The records relate primarily to the collection of fees, official accounts, the status of entry claims (military bounty, private, timber culture, pre-emption and homesteads), and contested homesteads (Dodge City and Topeka). Some records also relate to surveys, undertaken in 1841, of portions of the Blackhawk Purchase, Keokuk Reserve, and Sac and Fox Cession in Iowa, registers of absentee Wyandotte Indian selections in Kansas, instructions governing purchase of Osage ceded lands in Kansas, and records of some townsites in Iowa, Kansas, and Nebraska.

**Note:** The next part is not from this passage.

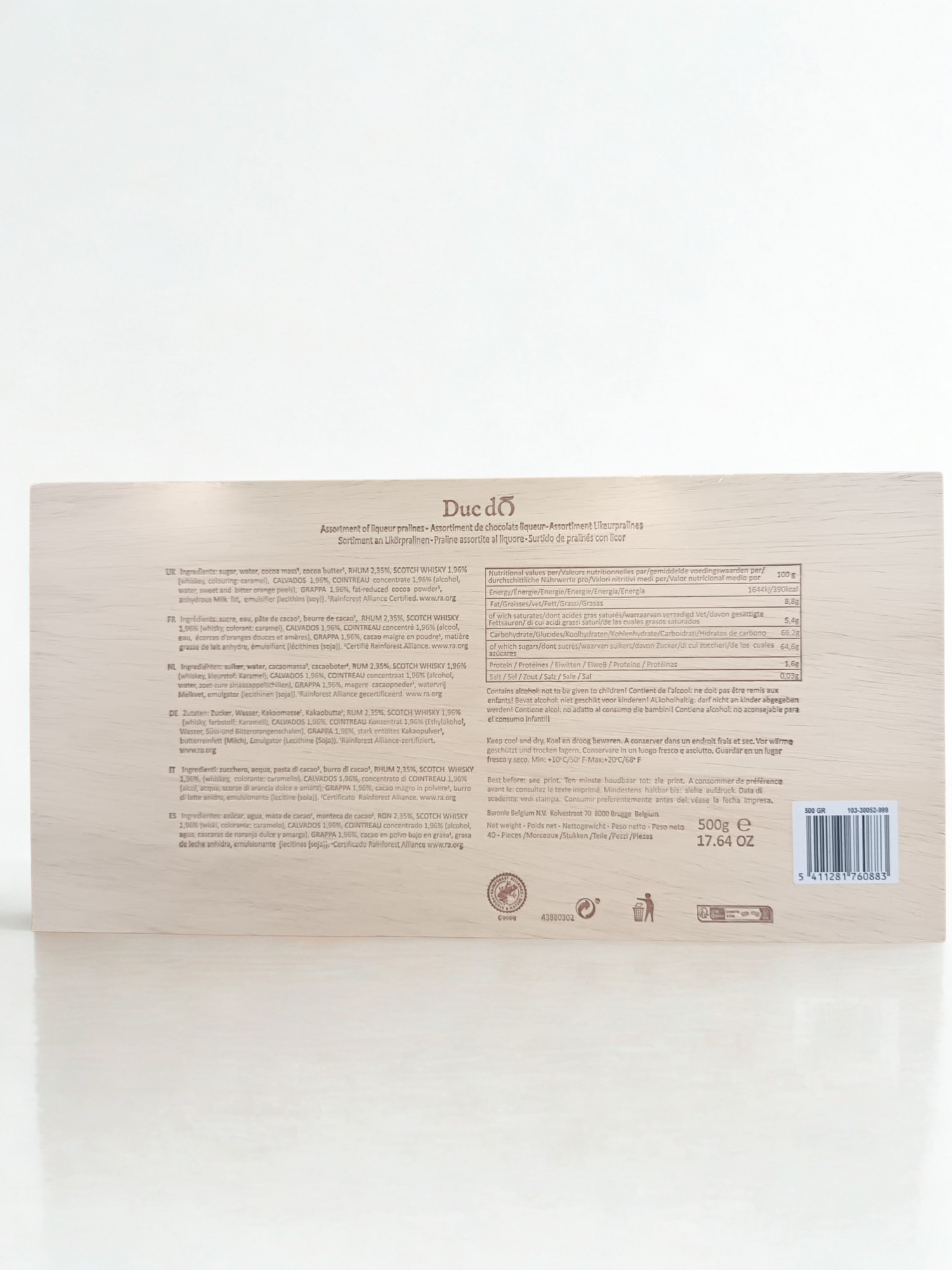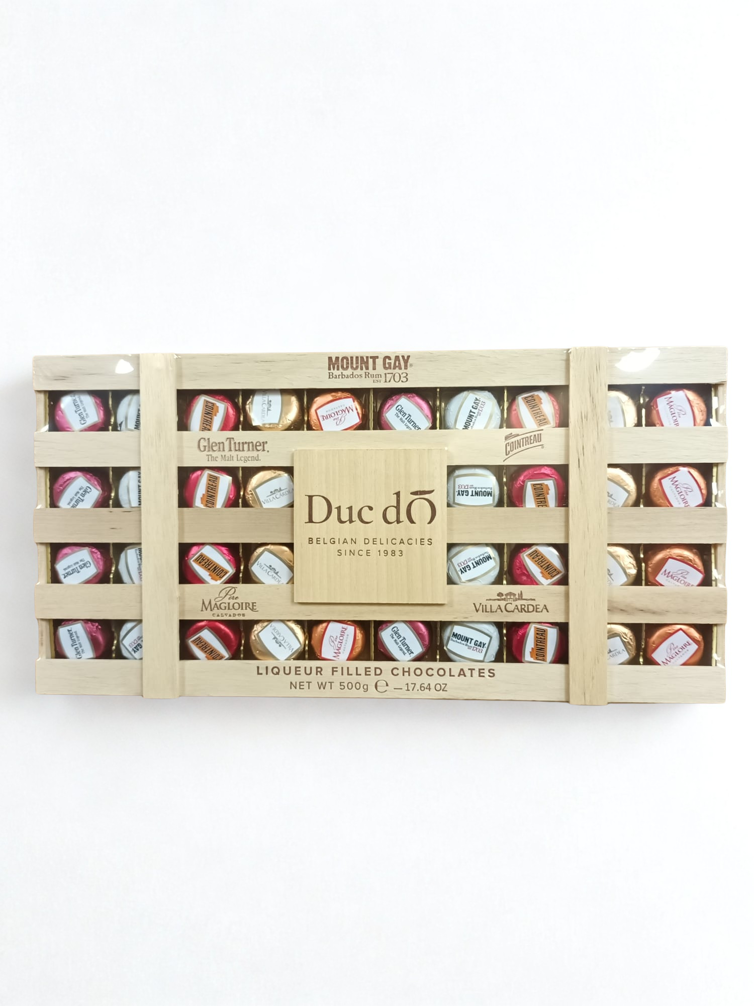 Cioccolatini alcolici assortiti con ripieno liquido, in cofanetto di legno.

Included are abstracts of land entries, control dockets, correspondence, homestead claim papers, land entry case files and papers, land survey data sheets, registers, and tract books.

Finding Aids
Preliminary inventory.

Harry P. Yoshpe and Philip P. Brower, comps., Preliminary Inventory of the Land-Entry Papers of the General Land Office, PI 22 (1949).

Related Microfilm Publications
M25, Miscellaneous Letters Sent by the General Land Office, 1796-1889; M27, Letters Sent by the General Land Office to Surveyor General, 1796-1901.